How Informatics Unites Teams - Drug Discovery and Development

Decentralized J&J’s single portal informatics platform allows far-flung research groups to connect and collaborate

JR Minkel
Minkel is a freelance writer based in Brooklyn, N.Y.

click the image to enlarge
The home page to Leapfrog (right) contains user-specific information under “My Teams, My Projects, My Page.” The forum in WeDiscover (top left) is used for communication and posting messages between users at different sites. The home page to WeDiscover (bottom left) shows the daily news for drug discovery users. (Source: Jackson Wan, J&JPRD)

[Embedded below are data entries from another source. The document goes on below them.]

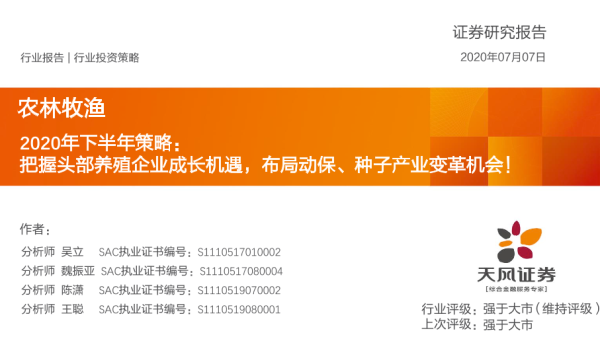 【天风证券】【20200707】2020年下半年策略:把握头部养殖企业成长机遇,布局动保、种子产业变革机会!-39页
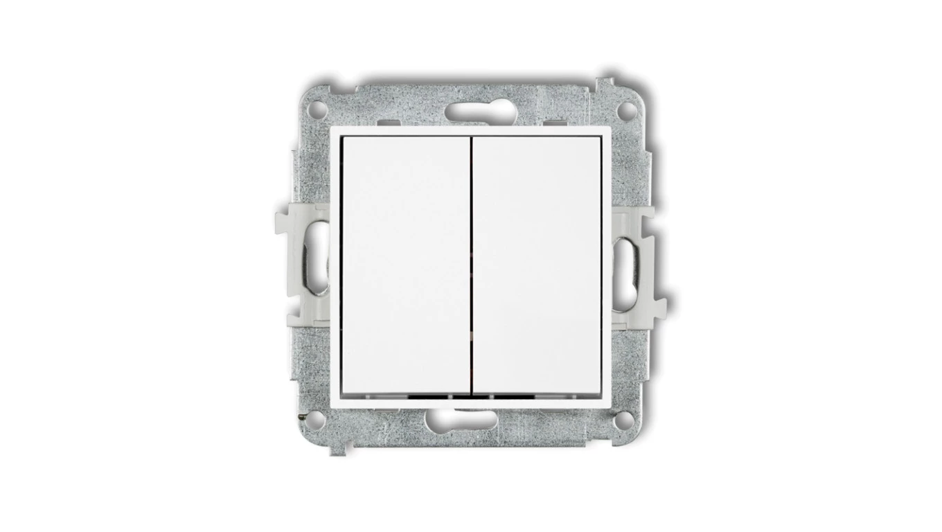 ICON Mechanizm łącznika jednobiegunowego ze schodowym (dwa klawisze bez piktogramów, osobne zasilanie) biały IWP-10.21
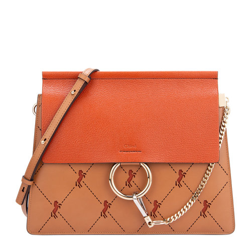 Chloe/克洛伊 Faye系列 女士橙红色牛皮金属环时尚单肩斜挎包

When drug discovery researchers open their Web browsers at any one of Johnson & Johnson Pharmaceutical Research and Development’s (J&JPRD) four research sites across the globe, their coffees at arm’s reach and ready to begin the day’s business, they enter a single electronic world carefully constructed by the company’s informaticians. From a Web portal called weDiscover, researchers can access not only news, weather, and the latest science, but also the “glue” that allows researchers to coordinate the company’s decentralized research effort, a project management tool called Leapfrog.

Having semi-independent research organization creates specific informatics needs, says Scott Kahn, chief scientific officer of software vendor Accelrys Inc., San Diego: “It poses some interesting challenges around synchronizing and the linking of information appropriately and fully.” Although Kahn says many companies now face these challenges, “J&J’s informatics is quite unique in that they are investing a lot to make it a cornerstone of their competitiveness.”

Customizing was key
J&JPRD’s informatics department is responsible for building solutions to the company’s global information problems and making sure local problems get solved efficiently (see “Inc. Globally, Act Locally” on page 27). Committee heads from the company’s research sites in La Jolla, Calif.; Beerse, Belgium; Spring House, Pa.; and Raritan, N.J., decide what informatics tools to offer their researchers. In La Jolla, a group led by Jackson Wan, PhD, director of bioinformatics, develops most of the global bioinformatics and related IT software. Everything from Web design and data processing (see sidebar on page 28) to disease modeling takes place in La Jolla.

To give researchers easy access to information, Wan’s group created a Web portal called weDiscover. The portal is a communications tool and “one-stop shopping” source for news, weather, and all of discovery’s central databases, from chemistry and biology to finance and human resources. Before the portal’s first installment, iDiscover, came out in 2003, the company had separate, hierarchical Web pages for the various discovery research activities in the United States. Researchers had to bookmark them and click through many pages to get the information they wanted. “The information was always hidden,” says Wan. “We started to realize [that we could] do a My Yahoo!-type version of that for discovery,” says Michael Jackson, who was then senior vice president, drug discovery US for J&JPRD, “one that interfaced with all of discovery’s tools and knew a user’s preferences.” Says Wan, “With the portal, everything is more up front. There is one page that you can [use to] get to all the resources that you need.”

Jackson Wan (right) meets with Joseph Ciervo (left) and Simon Smith (middle), members of his bioinformatics team based in La Jolla, Calif. (All photos courtesy of J&JPRD)

The weDiscover portal culls reports from sources such as J&J’s internal Web sites, PubMed, the BBC, and a licensed news stream for science, technology, and medicine. In its communications function, weDiscover links to forums, or bulletin boards for different subject areas, which can be useful given the brief overlap between working days in La Jolla and Beerse. After some complaints that iDiscover was too “La Jolla-centric,” Wan’s group customized the page for each site, using different logos and providing local information. The weDiscover resource was unveiled early in 2004 and as of October got 160,000 hits a day from about 2,000 users, or nearly half of the company’s employees. The La Jolla group is now building customized portals for many different research areas, from pharmacogenomics to ion channels to drug screening assays. They are also testing ways to link users who have similar interests and to suggest other information a user might want.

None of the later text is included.